Representatives from Volvo, Tesla, Bosch and Navya ( a new manufacturer of driverless shuttle buses) described their technology and directions. After a raising expectations of an exciting announcement by first showing a slide full of fine-print with terms such as "safe harbour" and saying "Tesla doesn't normally do this", the Tesla presenter turned out to be a sales rep and showed a couple of marketing videos most attendees had already seen. He also repeated Elon Musk's assertion made in October that Tesla will deliver a fully autonomous car by 2018, qualifying somewhat by describing that date as "Elon time". I'm sure he was meaning his boss was optimistic, not delusional. The apparent consensus from presenters was that fully autonomous cars capable of operating in all environments would probably not be commercialised until 2020 at the earliest, and possibly as late as 2030, although specialised operation in certain settings would almost certainly be available before unrestricted autonomy.
Philosopher Robert Sparrow from Monash went over some well-discussed ethical and commercial issues raised by cars that could be programmed to kill their passengers. Gerard Waldron, Managing Director, ARRB and Rita Excell also from ARRB described the rationale and operation of their new Australian Driverless Vehicle Initiative (ADVI).
Robert Anderson and Jeremy Woolley from the Adelaide University's Centre for Automotive Safety Research discussed benefits of auto safety systems and made some interesting points about safety spending. For example, it is known that sealing a road shoulder helps drivers maintain control should they stray off the main road; but as more cars are fitted with better brakes and stability control, is this the best use of public funds?
A major theme to emerge during the conference was the care required during the transition from full human control of cars through the increasing levels of automation to fully autonomous operation. Many speakers discussed the vital but difficult "human factors" problem of making it clear what the car is doing and who is responsible. Simon Henderson, a pilot and manager of Virgin's Fleet Standards discussed autonomous aviation systems, warning that great care must be taken in their design as otherwise monitoring them can require more knowledge than flying. Apparently, one of the most frequent final things heard in flight-recorder post-mortems is "What's it doing now?"
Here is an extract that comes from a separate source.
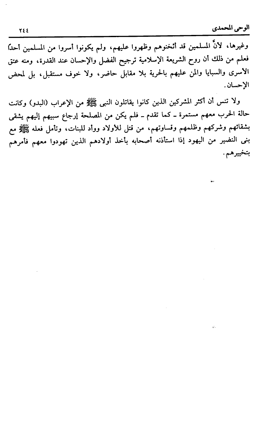 ولا تنس أن أكثر المشركين الذين كانوا يقاتلون النبى صلّى الله عليه وسلّم من الإعراب (البدو) وكانت حالة الحرب معهم مستمرة- كما تقدم- فلم يكن من المصلحة إرجاع سبيهم إليهم يشقى بشقائهم وشركهم وظلمهم وقساوتهم، من قتل للأولاد ووأد للبنات، وتأمل فعله صلّى الله عليه وسلّم مع بنى النضير من اليهود إذا استأذنه أصحابه بأخذ أولادهم الذين تهودوا معهم فأمرهم بتخييرهم.
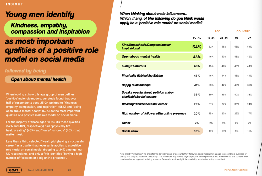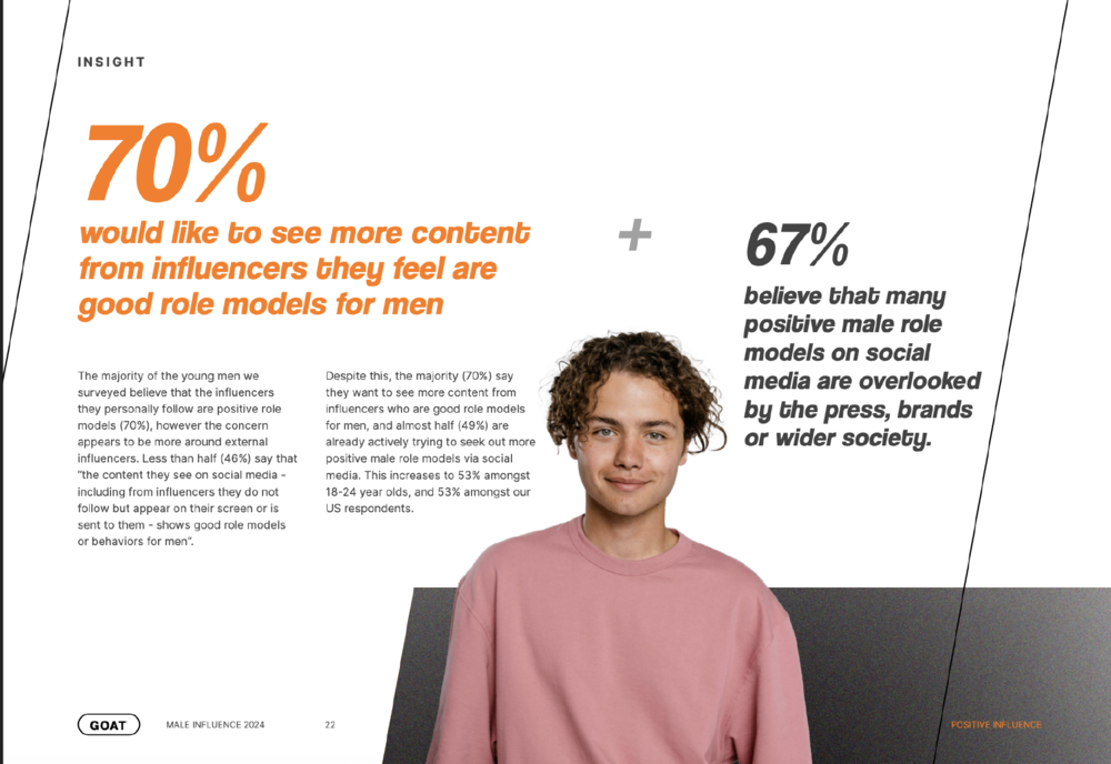 “70%的受訪者希望在社交平臺上看到更多男性榜樣的內容,同時67%的受訪者認為,現在很多正向男性榜樣被媒體和品牌忽視了。”

Another common theme was that the synergy of autonomous driving technology, V2V and V2I communications, electric vehicles and on-demand travel in a shared fleet of cars, together forms intelligent transport systems (ITS) capable of delivering much cheaper, cleaner and more convenient transport. (Yes, "ITS" is a "thing" you can expect to hear a lot about in the coming years.)
As Andrew Somers from Transoptim Consulting observed "transport has not been seriously disrupted for some time", but that period of stability is about to end.
Whether the great potential of commercially available fully autonomous cars is realised within 3 years as claimed by Tesla CEO Elon Musk, or within 5 years as predicted by Ford CEO Mark Fields and by Google, or even with 10 or 15 years is almost immaterial, because urban infrastructure is planned, built and maintained over generations.
The internet transformed the world of communications and ideas by facilitating the very cheap and near instantaneous dissemination of information. Autonomous cars promise a correspondingly dramatic revolution in the movement of people and physical goods, with far-reaching flow-on effects on where and how we live. The better prepared we are, the greater the benefits we will derive.